“I heard the noise of the escaping steam.” She came close and stood beside him, where he sat, half dressed and ruddy in his bathrobe. He put up both arms and held her, lifting his head for her kiss, which he returned with interest.
“That’s the first nice thing that’s happened to me to-day—since the one I had when I left you this morning,” he remarked. “I’m all in to-night, and ugly as a bear, as usual. I feel better, just this minute, with you in my arms and a bath to the good, but I’m a beast just the same, and you’d best take warning.... Oh, the—”

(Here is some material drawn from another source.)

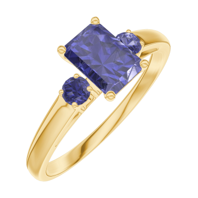 « L'ATELIER » Nº163862Bague Or jaune 9 carats - Saphir bleu Rectangle 0.5 carat - Pierres de côté Saphir bleu

For the telephone bell was ringing again. From the way he strode across the floor in his bathrobe and slippers it was small wonder that the walls trembled. His wife, watching him, felt a thrill of sympathy for the unfortunate who was to get the full force of that concussion. With a scowl on his brow he lifted the receiver, and his preliminary “Hello!” was his deepest-throated growl. But then the scene changed. Red Pepper listened, the scowl giving place to an expression of a very different character. He asked a quick question or two, with something like a most unaccustomed breathlessness in his voice, and then he said, in the businesslike but kind way which characterized him when his sympathies were roused:
“I’ll be there as quick as I can get there. Call Doctor Buller for me, and let Doctor Grayson know I may want him.”
Rushing at the completion of his dressing he gave a hurried explanation, in answer to his wife’s anxious inquiry, “It isn’t Anne Linton?”
“It’s worse, it’s Jord King. He’s had a bad accident—confound his recklessness! I’m afraid he’s made a mess of it this time for fair, though I can’t be sure till I get there.”
“Where is he?” Ellen’s face had turned pale.
“At the hospital. His man Aleck is hurt, too. Call Johnny, please, and have him bring the car around and go with me.”
Ellen flew, and five minutes later watched her husband gulp down a cup of the strong coffee Cynthia always made him at such crises when, in spite of fatigue, he must lose no time nor adequately reenforce his physical energy with food.
“Oh, I’m so sorry you couldn’t rest to-night,” she said as he set down the cup and, pulling his hat over his eyes, picked up the heavy surgical bags.
“Couldn’t, anyway, with the universe on my mind, so I might as well keep going,” was Burns’s gruff reply, though the kiss he left on her lips was a long one and spoke his appreciation of her tender comradeship.
She did not see him again till morning, though she lay awake many hours. He came in at daylight; she heard the car go in at the driveway, and, rising hurriedly, was ready to meet him when he came into the living room downstairs.
“Up so early?” questioned Burns as he saw her. The next minute he had folded her in one of those strong-armed embraces which speak of a glad return to one whose life is a part of one’s own. “I wonder,” he murmured, with his cheek pressed to hers, “if a man ever came back to sweeter arms than these!”